Narendra Sharma

1. Introduction

Recently, Honorable Supreme Court in Gangadhara Palo Vs The Revenue Divisional Officer & Another {(2011) 4 SCC 602; Decided on 08.03.2011} has held that there can be no review of a judgment, if appeal has already been decided. The Court observed the principles as follows.

2. It will make no difference whether the review petition was filed in the High Court before or after the dismissal of the SLP by SC

The Court observed as follows (SCC p. 603 para 5)

“5. We regret, we cannot agree. In our opinion, it will make no difference whether the review petition was filed in the High Court before the dismissal of the special leave petition or after the dismissal of the special leave petition.

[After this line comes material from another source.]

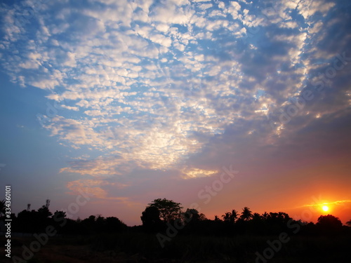 Fototapeta premium Reflections of clouds white sunset and silhouette of trees below the mountain. Selective focus.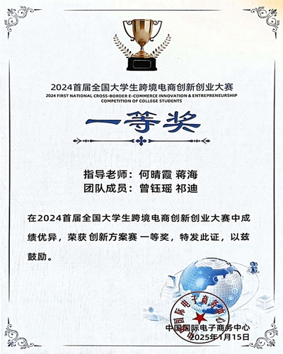 1月15日,“首届全国大学生跨境电商创新创业大赛”全国总决赛在中央财经大学北京高校大学生创业园圆满落幕。beat365在线唯一官网外国语学院英语专业跨境电子商务方向曾钰瑶和祁迪同学组建的“从容应队”,在校内指导教师何晴霞和校外企业导师蒋海的悉心指导下,凭借出色的表现和卓越的创新实力,成功斩获总决赛一等奖,为学校赢得了荣誉。

The important question really is whether the judgment of the High Court has merged into the judgment of this Court by the doctrine of merger or not.”

3. Doctrine of Merger: After merger there is no judgment of the High Court

The Court further observed as follows (SCC p. 604 para 6 & 7)

“6. When this  Court dismisses a special leave petition by giving some reasons, however meager (it can be even of just one sentence), there will be a merger of the judgment of the High Court into the order of the Supreme Court dismissing the special leave petition. According to the doctrine of merger, the judgment of the lower court merges into the judgment of the higher court. Hence, if some reasons, however meager, are given by this Court while dismissing the special leave petition, then by the doctrine of merger, the judgment of the High Court merges into the judgment of this Court and after merger there is no judgment of the High Court. Hence, obviously, there can be no review of a judgment which does not even exist.”

“7. The situation is totally different where a special leave petition is dismissed without giving any reasons whatsoever. It is well settled that special leave under Article 136 of the Constitution of India is a discretionary remedy, and hence a special leave petition can be dismissed for a variety of reasons and not necessarily on merits. We cannot say what was in the mind of the Court while dismissing the special leave petition without giving any reasons. Hence, when a special leave petition is dismissed without giving any reasons, there is no merger of the judgment of the High Court with the order of  this Court. Hence, the judgment of the High Court can be reviewed since it continues to exist, though the scope of the review petition is limited to errors apparent on the face of the record. If, on the other hand, a special leave petition is dismissed  with reasons, however meager (it can be even of just one sentence), there is a merger of the judgment of the High Court in the order of the Supreme Court. (See the decisions of this Court in the cases of Kunhay Ammed & Others vs. State of Kerala & Another (2000) 6 SCC 359;  S. Shanmugavel   Nadar vs. State of  Tamil Nadu  & Another JT  2002 (7) SCC 568; State of Manipur vs. Thingujam Brojen  Meetei AIR 1996 SC 2124; and U.P. State  Road Transport Corporation vs. Omaditya Verma  and others AIR 2005 SC 2250).

4. A mere stray observation of Supreme Court would not amount to a precedent

The Court further observed as follows (SCC p. 605 para 11)

“11. A precedent is a decision which lays down some principle of law. In our view, the observations made in para 4 of the aforesaid judgment, quoted above, that “if a review petition is filed after the dismissal of the special leave petition, it would be treated as an affront to the order of the Supreme Court” is not a precedent at all. A mere stray observation of this Court, in our opinion, would not amount to a precedent. The above observation of this Court is, in our opinion, a mere stray observation and hence not a precedent.”

5. By a judicial order, the power of review cannot be taken away

The Court further observed as follows (SCC p. 605 para 12)

“12. By a judicial order, the power of review cannot be taken away as that has been conferred by the statute or the Constitution. This Court by judicial orders cannot amend the statute or the Constitution.”

Note: The views expressed are my personal and a view point only.